_Data provided_
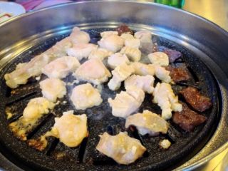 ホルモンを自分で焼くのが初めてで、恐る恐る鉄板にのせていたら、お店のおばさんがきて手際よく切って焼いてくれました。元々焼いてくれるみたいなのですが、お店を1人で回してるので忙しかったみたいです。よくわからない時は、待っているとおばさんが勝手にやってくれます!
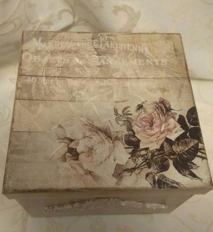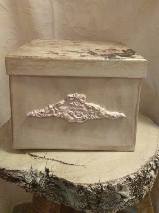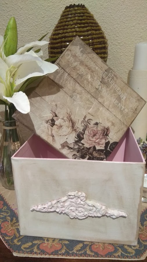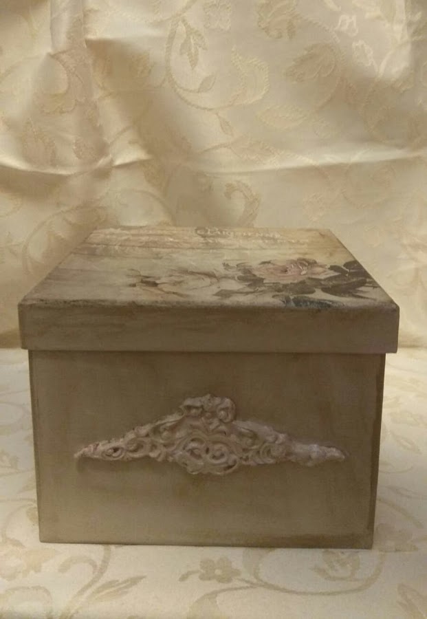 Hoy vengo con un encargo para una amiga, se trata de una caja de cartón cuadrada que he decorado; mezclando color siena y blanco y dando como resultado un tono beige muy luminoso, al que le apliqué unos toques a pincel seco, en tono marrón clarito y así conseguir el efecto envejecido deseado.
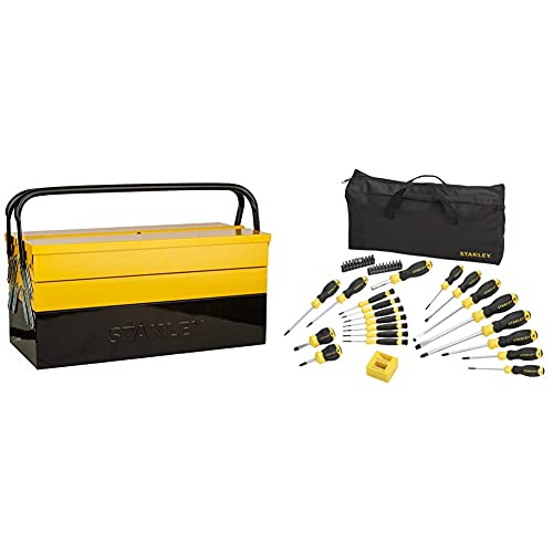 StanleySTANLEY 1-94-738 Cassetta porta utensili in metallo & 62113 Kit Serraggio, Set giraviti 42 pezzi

---

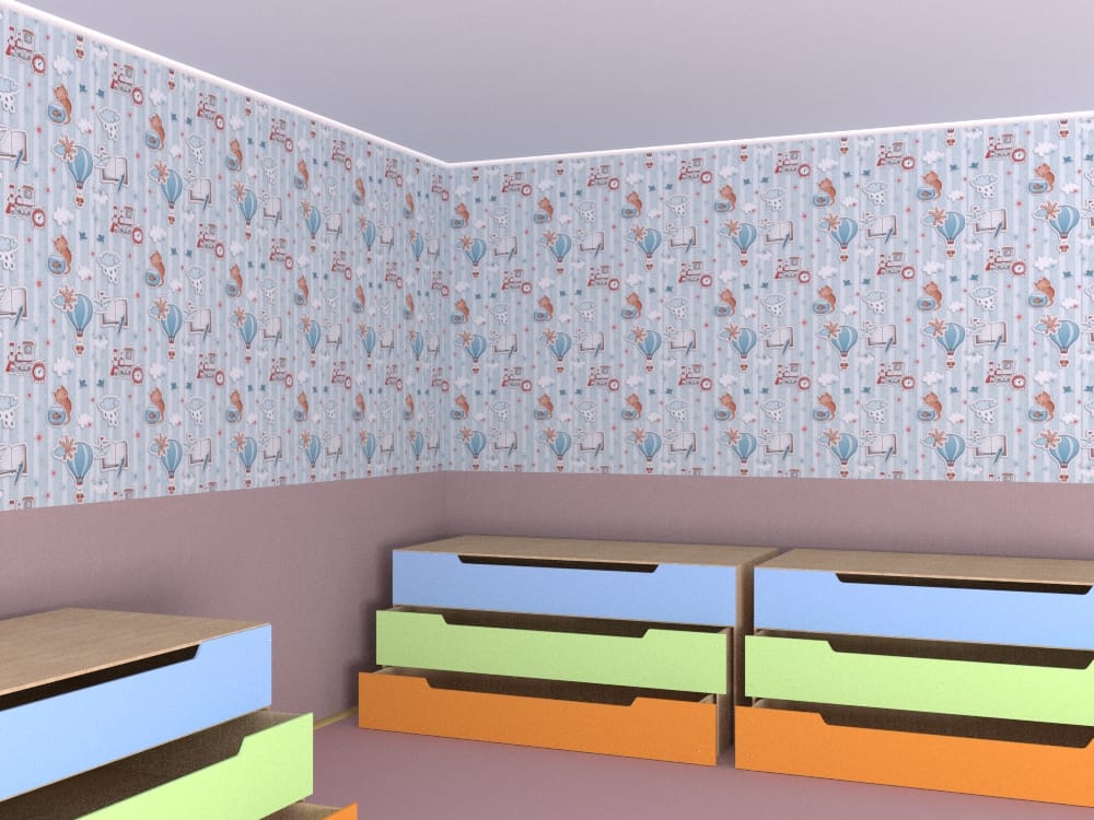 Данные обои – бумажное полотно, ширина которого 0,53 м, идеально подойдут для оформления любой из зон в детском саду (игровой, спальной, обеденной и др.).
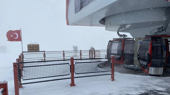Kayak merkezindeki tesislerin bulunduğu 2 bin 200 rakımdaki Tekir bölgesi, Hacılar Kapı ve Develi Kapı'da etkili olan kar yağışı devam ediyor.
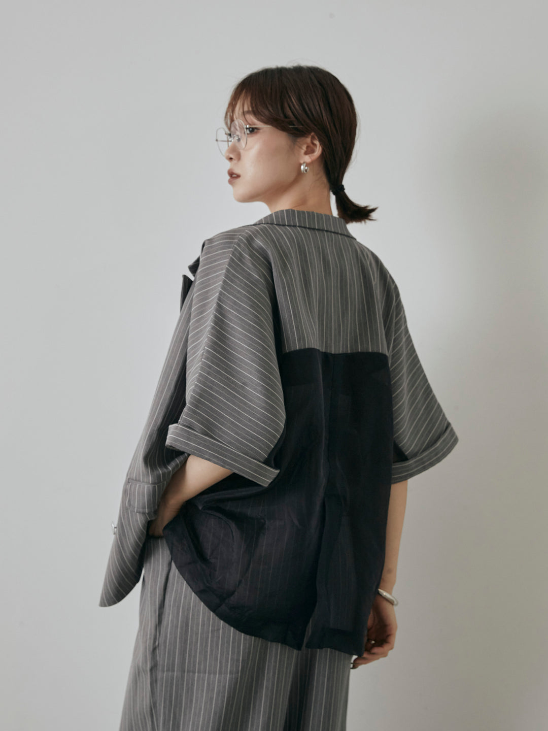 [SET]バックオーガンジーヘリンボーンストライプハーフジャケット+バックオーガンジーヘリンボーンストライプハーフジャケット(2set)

---

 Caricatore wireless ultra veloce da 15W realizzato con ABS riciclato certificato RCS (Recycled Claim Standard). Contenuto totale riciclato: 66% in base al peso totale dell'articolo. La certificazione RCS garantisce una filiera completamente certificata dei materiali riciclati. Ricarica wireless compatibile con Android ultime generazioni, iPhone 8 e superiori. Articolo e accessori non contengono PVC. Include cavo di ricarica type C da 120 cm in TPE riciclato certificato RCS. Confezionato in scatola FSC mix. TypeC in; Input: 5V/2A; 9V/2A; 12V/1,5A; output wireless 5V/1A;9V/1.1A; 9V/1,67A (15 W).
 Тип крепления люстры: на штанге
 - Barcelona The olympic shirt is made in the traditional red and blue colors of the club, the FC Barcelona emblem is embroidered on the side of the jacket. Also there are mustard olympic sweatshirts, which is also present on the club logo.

_Your objective_
Set down, exactly as they stand above, the lines starting with the line with "Caricatore wireless ultra" and going on through the line with "Тип крепления люстры: на штанге", and no others.

_Solution to this exercise_
 Caricatore wireless ultra veloce da 15W realizzato con ABS riciclato certificato RCS (Recycled Claim Standard). Contenuto totale riciclato: 66% in base al peso totale dell'articolo. La certificazione RCS garantisce una filiera completamente certificata dei materiali riciclati. Ricarica wireless compatibile con Android ultime generazioni, iPhone 8 e superiori. Articolo e accessori non contengono PVC. Include cavo di ricarica type C da 120 cm in TPE riciclato certificato RCS. Confezionato in scatola FSC mix. TypeC in; Input: 5V/2A; 9V/2A; 12V/1,5A; output wireless 5V/1A;9V/1.1A; 9V/1,67A (15 W).
 Тип крепления люстры: на штанге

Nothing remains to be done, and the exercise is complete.